# Visualisation and analysis of the results from the DESI-MS linear mixed models

### Import required packages

In [1]:
import pandas as pds
import matplotlib.pyplot as plt
import seaborn as sns
import numpy as np
from matplotlib.colors import ListedColormap

## Read the raw DESI-MS data

### VMET2 Cohort

In [2]:
desi_pos_vmet2 = pds.read_csv('../../Data/VMET2_DESI-MS_POS.csv')
desi_neg_vmet2 = pds.read_csv('../../Data/VMET2_DESI-MS_NEG.csv')

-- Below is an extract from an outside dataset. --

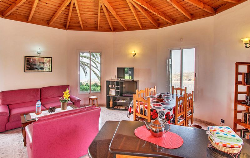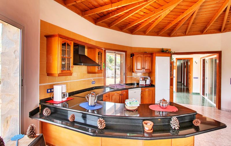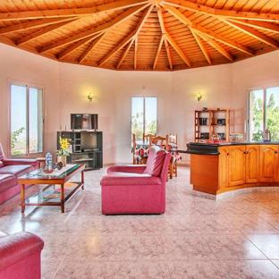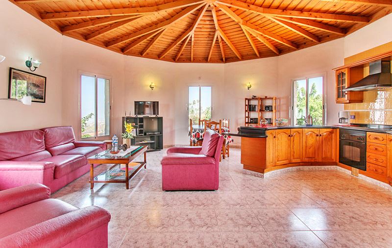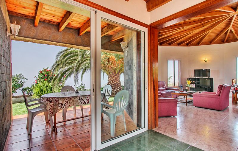 Durch die Holzdecken und das einmalige Flair eines inseltypischen Natursteinhauses findet man in der freistehenden Casa Rocío ein gemütliches Ambiente. Aufgrund der Hanglage etwas oberhalb des Ortes Todoque in ca. 350 m Höhe und den verschiedenen Terrassen rund um das Ferienhaus kann man den freien und wunderschönen Blick über die Insel La Palma genießen. Auch die großen Fenster im Wohnzimmer, mit einer traumhaften Weitsicht bis auf das Meer, tragen zu einem entspannenden Wohngefühl bei.
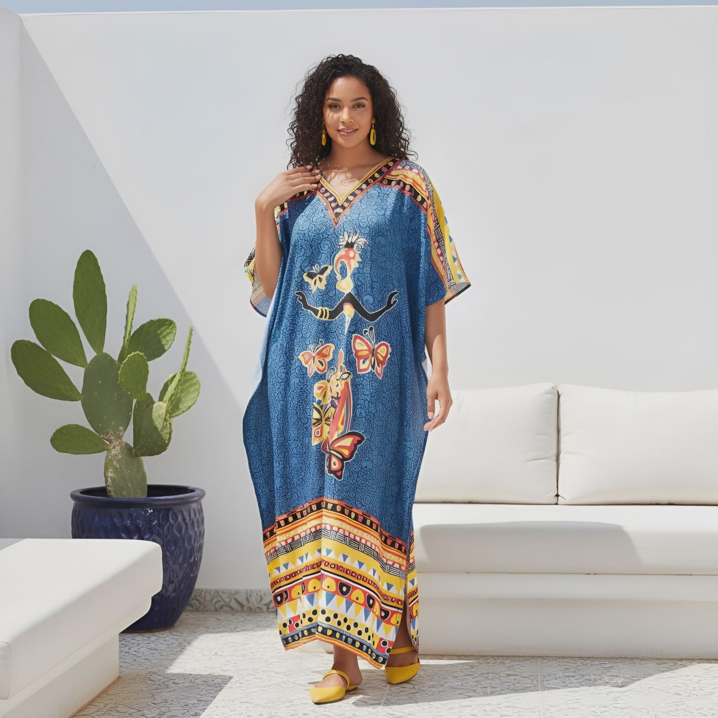 Polyester Kaftan Dress Tribal Printed Blue For Plus Size Women

vmet2_metadata = pds.read_csv('../../Data/VMET2_CSTAssignment.csv')

desi_pos_vmet2 = vmet2_metadata.merge(desi_pos_vmet2, on='Seq_ID')
desi_neg_vmet2 = vmet2_metadata.merge(desi_neg_vmet2, on='Seq_ID')

### VMET Cohort

In [3]:
desi_pos_vmet = pds.read_csv('../../Data/VMET_DESI-MS_NEG.csv')
desi_neg_vmet = pds.read_csv('../../Data/VMET_DESI-MS_NEG.csv')

vmet_metadata = pds.read_csv('../../Data/VMET_CSTAssignment.csv')

desi_pos_vmet = vmet_metadata.merge(desi_pos_vmet, left_on='Seq_ID', right_on='Seq_ID')
desi_neg_vmet = vmet_metadata.merge(desi_neg_vmet, left_on='Seq_ID', right_on='Seq_ID')

## Replication of results across the VMET2 and VMET studies

Find matching peaks (peaks within a certain m/z error from each other) from the VMET and VMET2 datasets which were found to be statistically significant in the linear mixed model analysis of both datasets.

In [4]:
# Define these 2 utility functions to do the matching and comparison of output files from the
# "Linear mixed effect models DESI-MS.Rmd" notebook.

def checkResults(file1, file2, excelFile, datasetNames, sigLevel=0.05, tolerance=5):
    
    file1_res = pds.read_csv(file1)
    file2_res = pds.read_csv(file2)
    
    contrasts_file1_names = file1_res.columns
    contrasts_file2_names = file2_res.columns
    
    contrast_names = contrasts_file1_names[contrasts_file1_names.isin(contrasts_file2_names)]
    contrast_names = [x for x in contrast_names if '_pval' in x]
    match_list = list()
    file1_only_list = list()
    file2_only_list = list()
    
    with pds.ExcelWriter(excelFile) as writer:
        
        for contrast in contrast_names:
            
            file1_sig_names = file1_res.loc[file1_res[contrast] < sigLevel, 'Metabolite']
            file2_sig_names = file2_res.loc[file2_res[contrast] < sigLevel, 'Metabolite']
            
            matches = matchPeaks(file1_sig_names, file2_sig_names, datasetNames, tolerance)
            matches.to_excel(writer, sheet_name=contrast + 'Shared')
            match_list.append([contrast, matches])
            file1_only = pds.DataFrame(file1_sig_names[~file1_sig_names.isin(matches[datasetNames[0] + '_Metabolite'])])
            file2_only = pds.DataFrame(file2_sig_names[~file2_sig_names.isin(matches[datasetNames[1] + '_Metabolite'])])
            file1_only_list.append([contrast, file1_only])
            file2_only_list.append([contrast, file2_only])
            file1_only.to_excel(writer, sheet_name=contrast + ' ' + datasetNames[0])
            file2_only.to_excel(writer, sheet_name=contrast + ' ' + datasetNames[1])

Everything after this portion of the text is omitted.